Герой Толстого готов включиться в нестройную череду переполнивших русскую литературу мечтателей, разного свойства и интенсивности, готовых хоть ненадолго, но убежать от реальности в мир измышленных туманных построений. Манилов и Обломов, Иудушка Головлёв и мечтатели Достоевского — сколько их уже встретилось нам на литературном просторе, и сколько ещё повстречается… Вспомним вновь мысль преподобного Григория Синаита: «Бесы наполняют образами наш ум, или лучше сами облекаются в образы по нам, и приражаются (прилог вносят) соответственно навыкновению господствующей и действующей в душе страсти…»7
.Толстой, разумеется, изображает действие страстей в душе ребёнка не в их полной силе, но отмечает лишь зачатки того, что может позднее взять верх над человеком, а может оказаться и искоренённым из его души внутренним противодействием с Божией помощью. Беда лишь: вся система воспитания не подвигает его к тому, мечтательность упрочивает представление о лёгкости самосовершенствования, сомнения в высшей справедливости (а следственно, и в помощи Всевышнего) зарождаются в достаточно опасных для души обстоятельствах.
В размышлениях над жизнью толстовскому герою является мысль, для самого писателя ставшая впоследствии весьма важною в его религиозных исканиях: мысль о существовании человека до его рождения в данном конкретном времени: «То раз, стоя перед чёрной доской и рисуя на ней мелом разные фигуры, я вдруг был поражён мыслью: почему симметрия приятна для глаз? что такое симметрия? Это врождённое чувство, отвечал я сам себе. На чём же оно основано? Разве во всём в жизни симметрия? Напротив, вот жизнь — и я нарисовал на доске овальную фигуру. После жизни душа переходит в вечность; вот вечность — и я провёл с одной стороны овальной фигуры черту до самого края доски. Отчего же с другой стороны нету такой же черты? Да и в самом деле, какая же может быть вечность с одной стороны, мы, верно, существовали прежде этой жизни, хотя и потеряли о том воспоминание» (1,185). Такое доказательство можно обозначить как математически-эстетическое — и оно становится ещё одним «тёмным пятном», к которому
Это место стало для адептов идеи реинкарнации, перевоплощения душ, свидетельством того, что Толстой был исповедником этой идеи. Она и впрямь зацепила сознание Толстого, её отражение мы встречаем в рассуждениях некоторых его персонажей (Наташи Ростовой, Долли Облонской). Важнее же, что утверждение о предсуществовании душ, восходящее к Оригену, было обличено на Пятом Вселенском соборе как ересь:
«Кто говорит или думает, что души человеческие предсуществовали, <…> тот да будет анафема»8
.Так в раннем уже творчестве Толстого мы находим обоснование его будущего отлучения от Церкви.

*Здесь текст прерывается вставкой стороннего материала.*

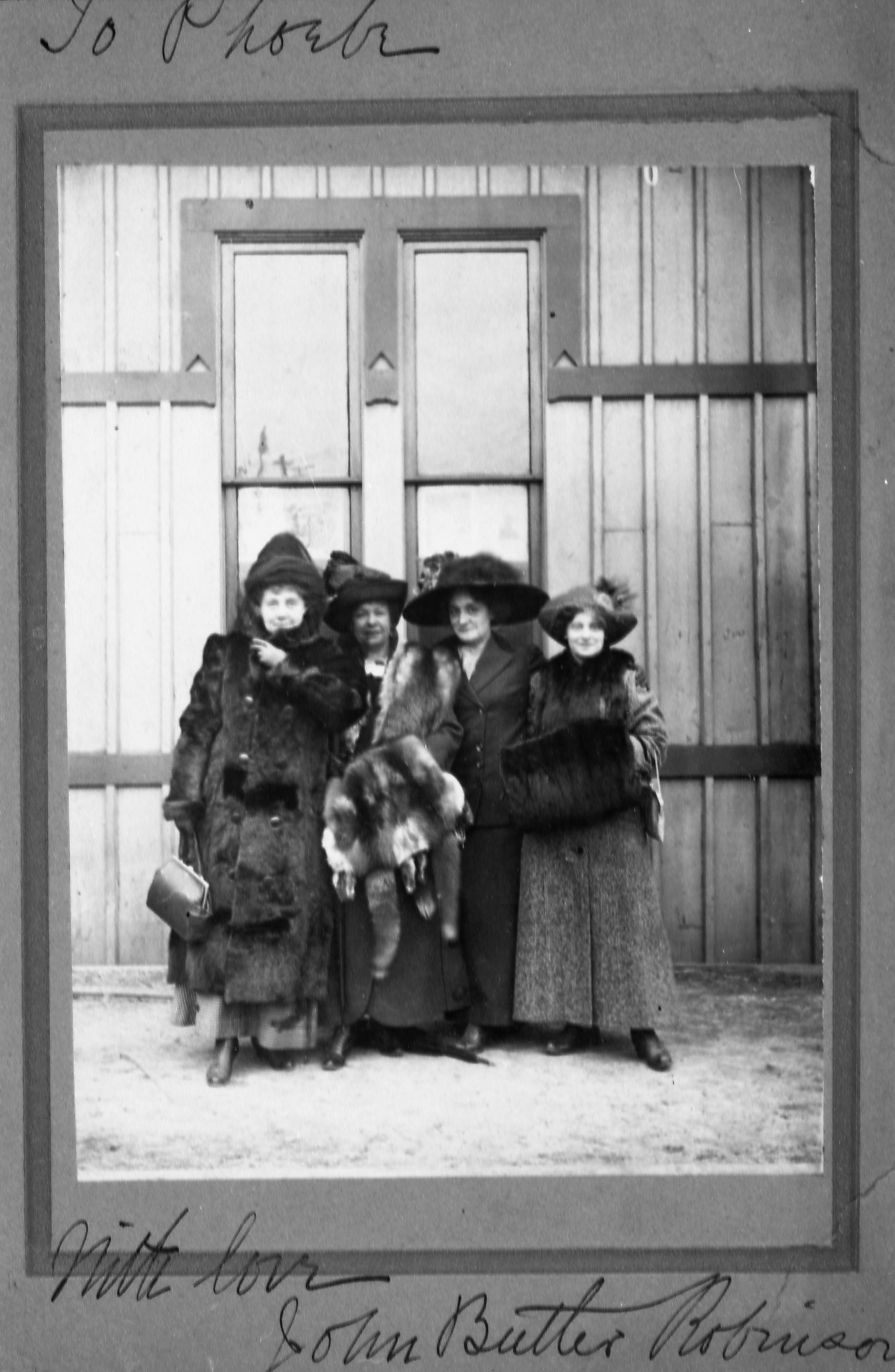Transparencies and Negatives Collection: Historic photographs. This is a photo of four ladies standing on the porch of the Wheatcroft House dressed in coats and furs.
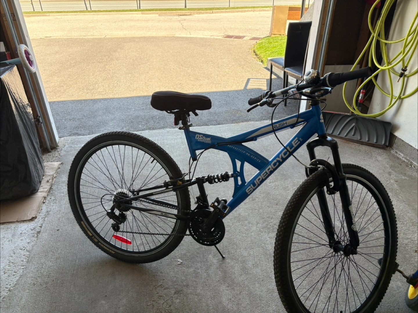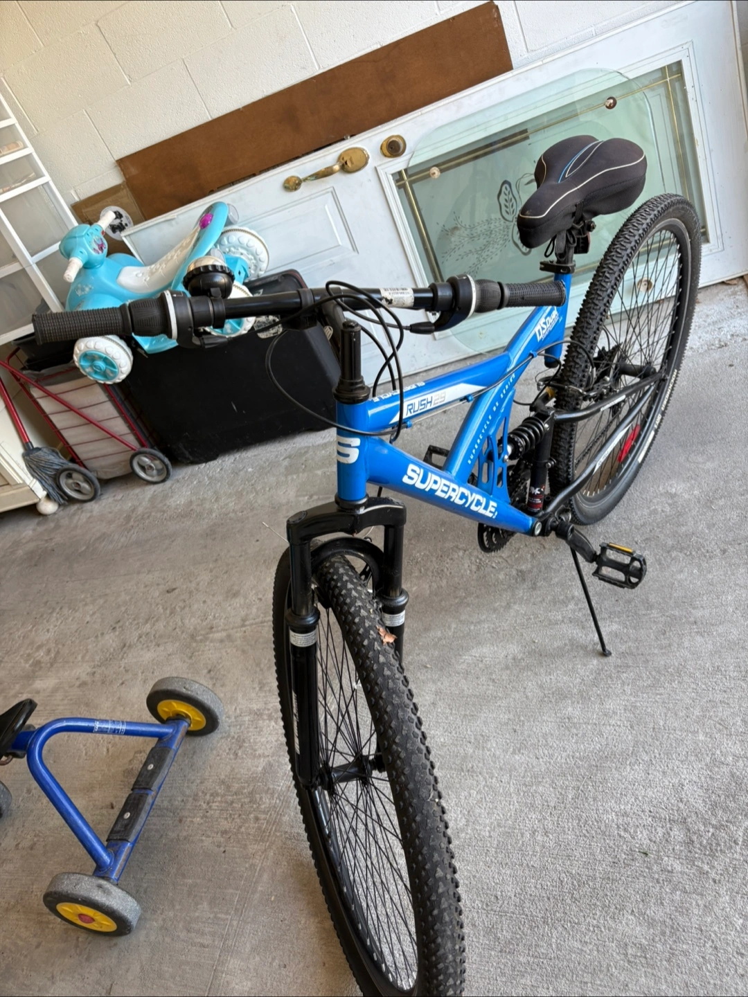 Blue Supercycle Rush mountain bike. 26-inch wheels.Good condition. Rarely used.

Но он не задумывается пока о богословском смысле своих переживаний, он просто внимателен ко всем оттенкам и изгибам собственных состояний. Он заставляет своего героя замечать многие «тёмные пятна» душевные ещё в детстве: так, воспоминание о жестоком поступке по отношению к одному из товарищей вызывает в Николеньке недоумение и раскаяние и через много лет после того: «Я решительно не могу объяснить себе жестокости своего поступка. Как я не подошёл к нему, не защитил и не утешил его? Куда девалось чувство сострадания…? Неужели это прекрасное чувство было заглушено во мне любовью к Серёже и желанием казаться перед ним таким же молодцом, как и он сам? Незавидные же были эти любовь и желание казаться молодцом! Они произвели единственные тёмные пятна на страницах моих детских воспоминаний» (1,84).